- Supplied information -
***
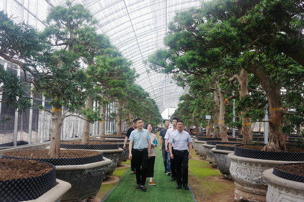 蘇亞文一行首先來到基泰都市新農(nóng)業(yè)優(yōu)良苗木花卉種植基地,考察了日本進口羅漢松種植情況,并對集團聚焦國際珍稀花木繁育,開展景觀應用研究表示肯定。
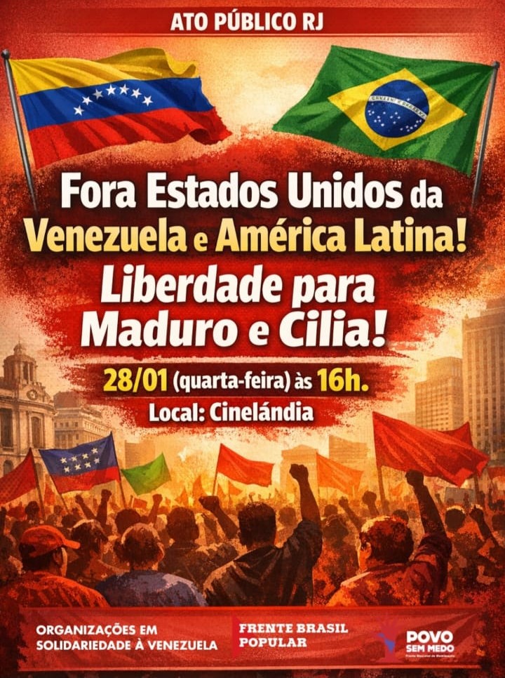 Nesta quarta-feira (28/1), às 16 horas, a Cinelândia será palco de um novo protesto contra o sequestro do presidente da Venezuela, Nicolás Maduro, pelas forças armadas dos Estados Unidos, na madrugada de 3 de janeiro deste ano. A manifestação vai exigir a liberação do venezuelano e de sua esposa Cília Flores, raptados para uma prisão estadunidense sob a alegação, depois desmentida pelo próprio governo Donald Trump, de chefiarem um cartel de narcotráfico.
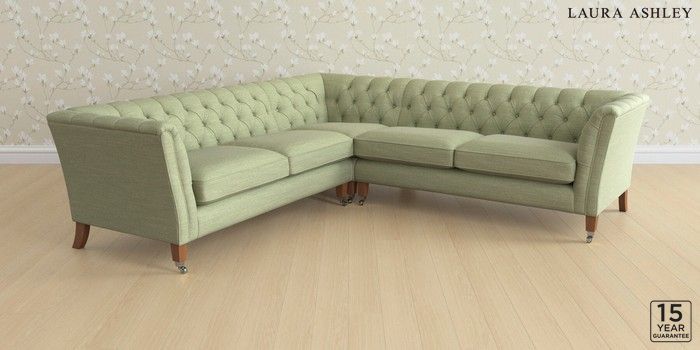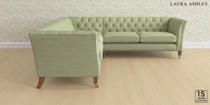 6.12.1 Buy Chatsworth Button Back by Laura Ashley Medium Corner Sofa - Universal Kinsham Hedgerow Green Straight Chrome Castor - Teak from the Next UK online shop Click here to use our accessible website
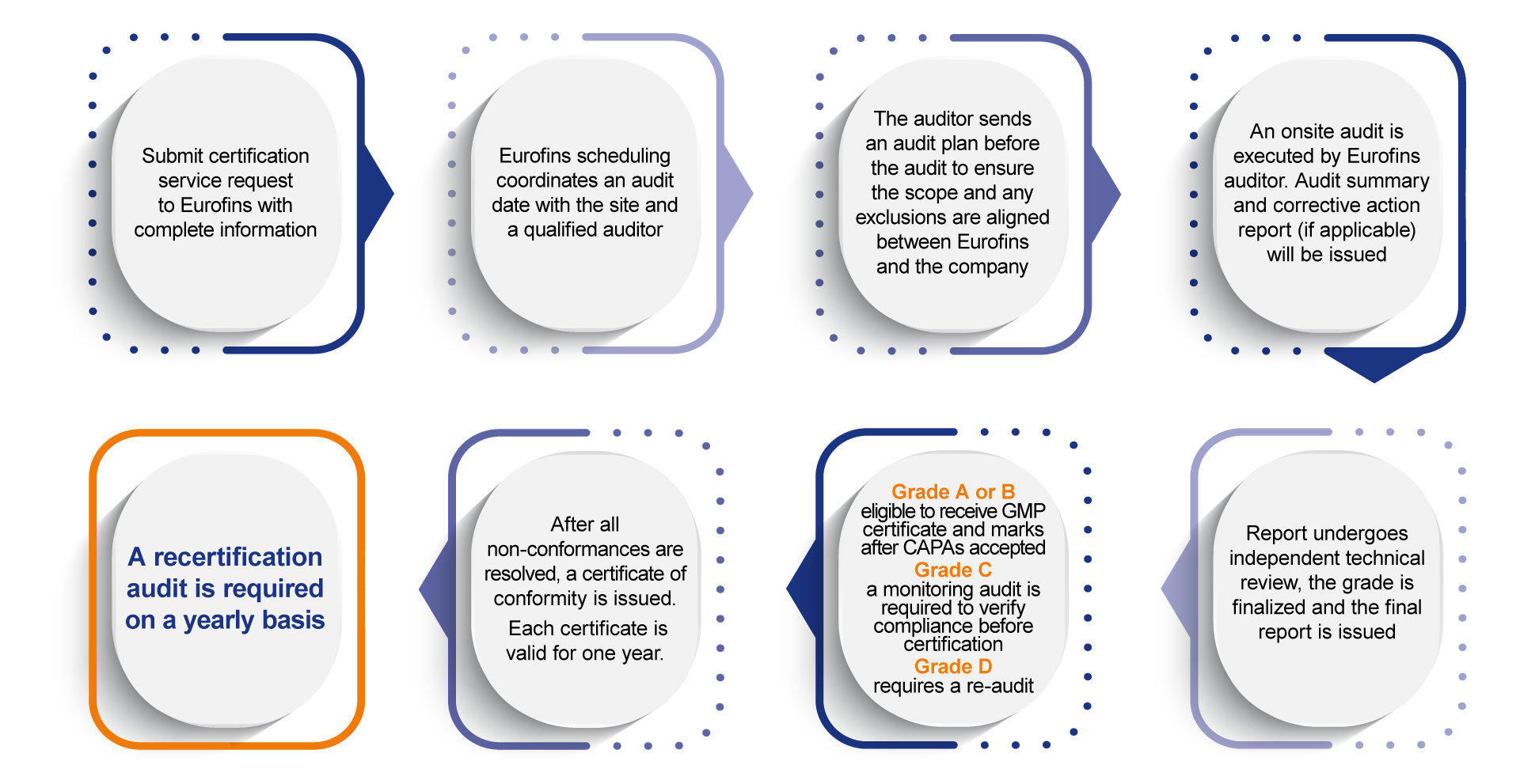 Manufacturers who meet all certification requirements receive a GMP certificate of conformity issued by Eurofins Healthcare Assurance.
***
- Task details -
Exactly as given, set down each line of the material, but include no pictures.

- Result of the task -
 蘇亞文一行首先來到基泰都市新農(nóng)業(yè)優(yōu)良苗木花卉種植基地,考察了日本進口羅漢松種植情況,并對集團聚焦國際珍稀花木繁育,開展景觀應用研究表示肯定。
 Nesta quarta-feira (28/1), às 16 horas, a Cinelândia será palco de um novo protesto contra o sequestro do presidente da Venezuela, Nicolás Maduro, pelas forças armadas dos Estados Unidos, na madrugada de 3 de janeiro deste ano. A manifestação vai exigir a liberação do venezuelano e de sua esposa Cília Flores, raptados para uma prisão estadunidense sob a alegação, depois desmentida pelo próprio governo Donald Trump, de chefiarem um cartel de narcotráfico.
 6.12.1 Buy Chatsworth Button Back by Laura Ashley Medium Corner Sofa - Universal Kinsham Hedgerow Green Straight Chrome Castor - Teak from the Next UK online shop Click here to use our accessible website
 Manufacturers who meet all certification requirements receive a GMP certificate of conformity issued by Eurofins Healthcare Assurance.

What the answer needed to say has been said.